__Records__:
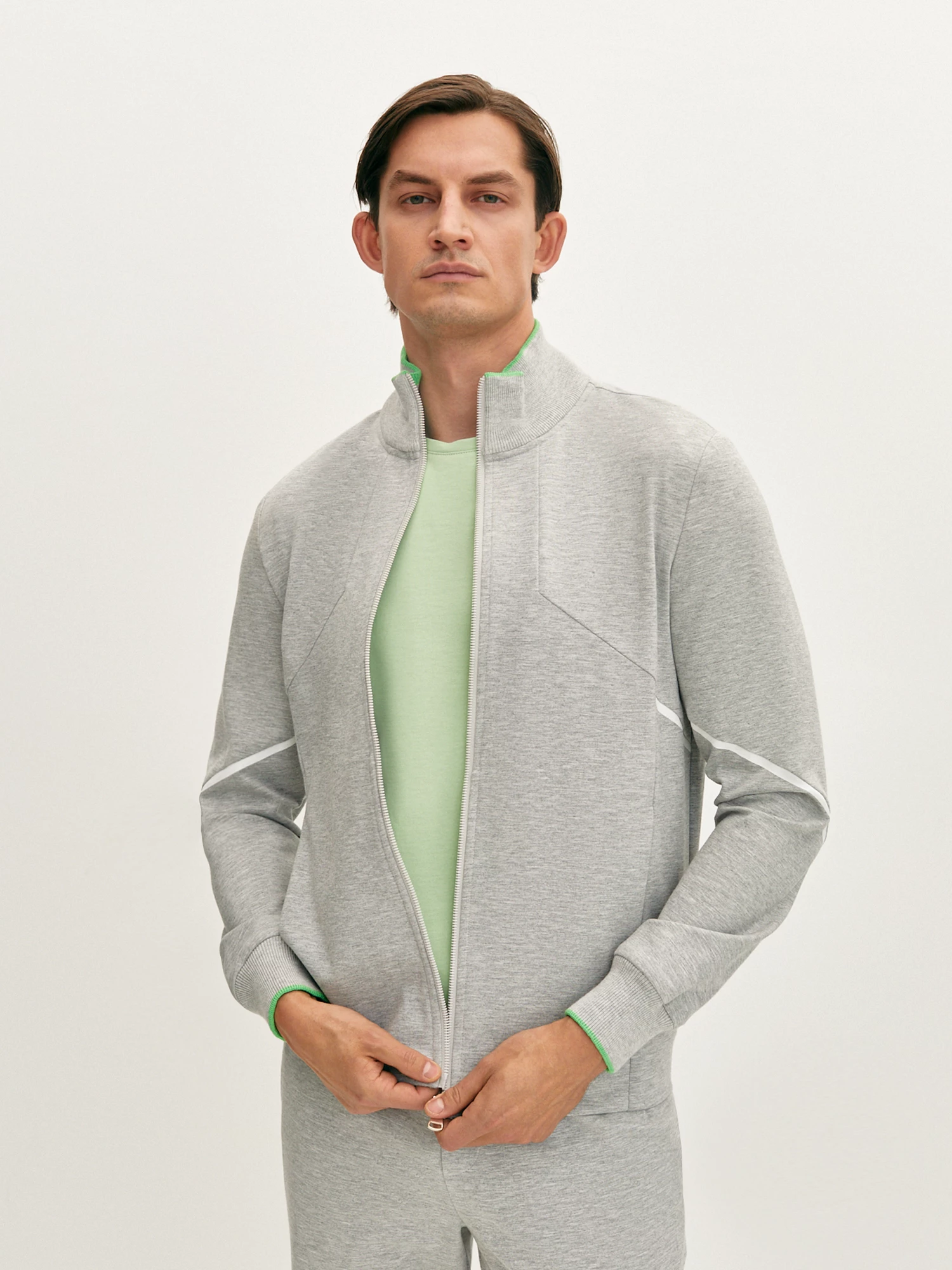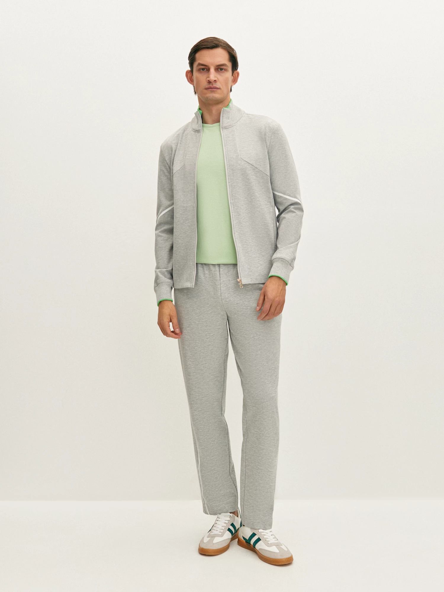 Спортивные брюки светло-серого цвета прямого силуэта. Серый цвет является универсальным и подойдет для расслабленных и спортивных образов. Модель из гладкого и прочного вискозного трикотажа, поясом на резинке и внутренним шнуром обеспечивает комфортную посадку. Брюки дополнены декоративными подрезами и белыми элементами по низу. Для создания спортивного образа рекомендуем сочетать с легкой толстовкой из коллекции.
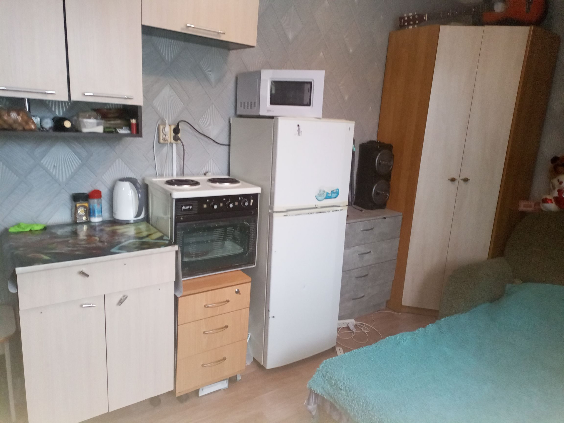 Продается теплая ,уютная студия с балконом. Окно пластиковое, замен, установлен новый душ , унитаз ,раковина, сантехника в санузле, входная дверь. Сделан свежий ремонт( есть немного царапины от кошки, но запас обой есть , подклеить). Тараканов и клопов нет. Соседи спокойные. В доме есть два лифта, консьерж. Отличная транспортная развязка, рядом рынок, Лента. Из мебели заберется: комод, стиральная машина, микроволновка, чайник и телевизор. Остальное все останется будущему хозяину.
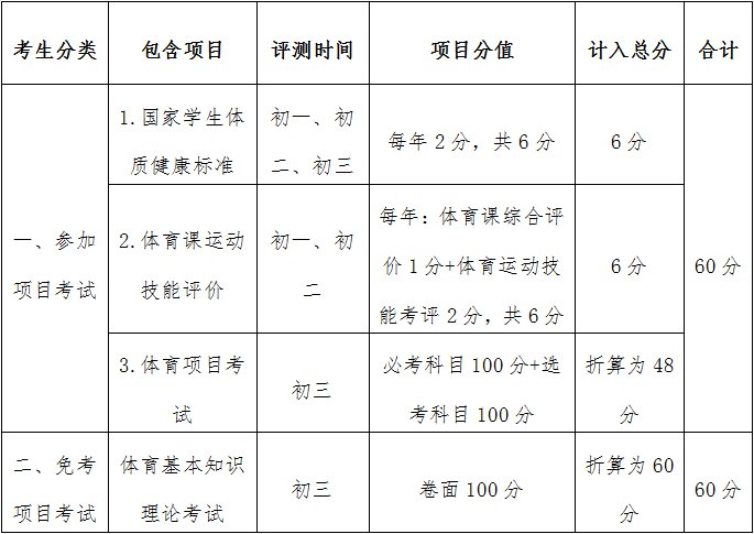 经区批准体育项目考试免考生,须参加全市统一组织的体育基本知识理论考试,理论考试成绩按满分60分折算计入中考总分(卷面分值乘以0.6,再四舍五入取整数)。
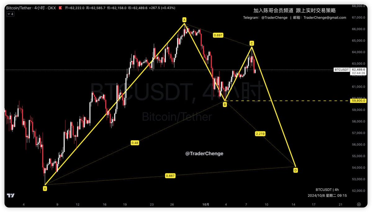 @TraderChenge 认为如果行情跌破 59800 美元,有可能会去完成这样的潜在蝙蝠形态,继续走一波下跌行情?不过在行情没有跌破 59800 美元之前,我是不会看跌的,没有跌破 59800 美元之前我的操作思路必然是低位接多。短线行情是多变的,需要持续关注这个潜在的蝙蝠形态。
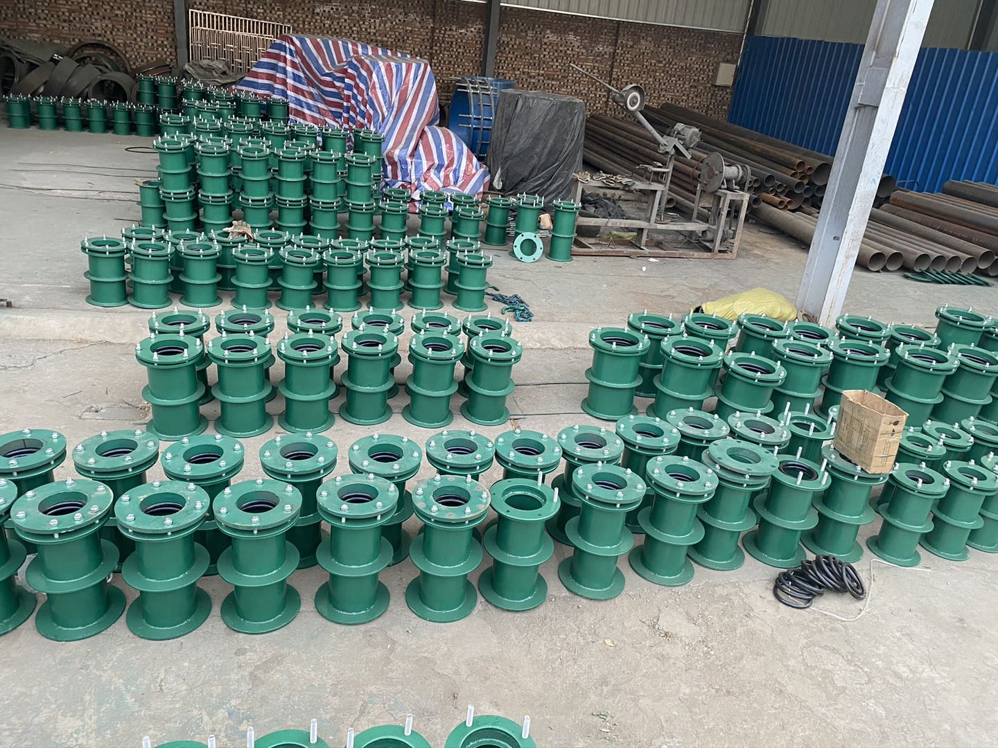 02s404防水套管安裝在水庫排水管線。安裝柔性防水套管時,將加工好的防水套管在澆注混凝土前按設(shè)計(jì)部位固定好,校對合格后一次澆注,待管道安裝完畢后填料塞緊、搗實(shí)。

__Exercise requirements__:
Output the records verbatim without pictures.

__Exercise solution__:
 Спортивные брюки светло-серого цвета прямого силуэта. Серый цвет является универсальным и подойдет для расслабленных и спортивных образов. Модель из гладкого и прочного вискозного трикотажа, поясом на резинке и внутренним шнуром обеспечивает комфортную посадку. Брюки дополнены декоративными подрезами и белыми элементами по низу. Для создания спортивного образа рекомендуем сочетать с легкой толстовкой из коллекции.
 Продается теплая ,уютная студия с балконом. Окно пластиковое, замен, установлен новый душ , унитаз ,раковина, сантехника в санузле, входная дверь. Сделан свежий ремонт( есть немного царапины от кошки, но запас обой есть , подклеить). Тараканов и клопов нет. Соседи спокойные. В доме есть два лифта, консьерж. Отличная транспортная развязка, рядом рынок, Лента. Из мебели заберется: комод, стиральная машина, микроволновка, чайник и телевизор. Остальное все останется будущему хозяину.
 经区批准体育项目考试免考生,须参加全市统一组织的体育基本知识理论考试,理论考试成绩按满分60分折算计入中考总分(卷面分值乘以0.6,再四舍五入取整数)。
 @TraderChenge 认为如果行情跌破 59800 美元,有可能会去完成这样的潜在蝙蝠形态,继续走一波下跌行情?不过在行情没有跌破 59800 美元之前,我是不会看跌的,没有跌破 59800 美元之前我的操作思路必然是低位接多。短线行情是多变的,需要持续关注这个潜在的蝙蝠形态。
 02s404防水套管安裝在水庫排水管線。安裝柔性防水套管時,將加工好的防水套管在澆注混凝土前按設(shè)計(jì)部位固定好,校對合格后一次澆注,待管道安裝完畢后填料塞緊、搗實(shí)。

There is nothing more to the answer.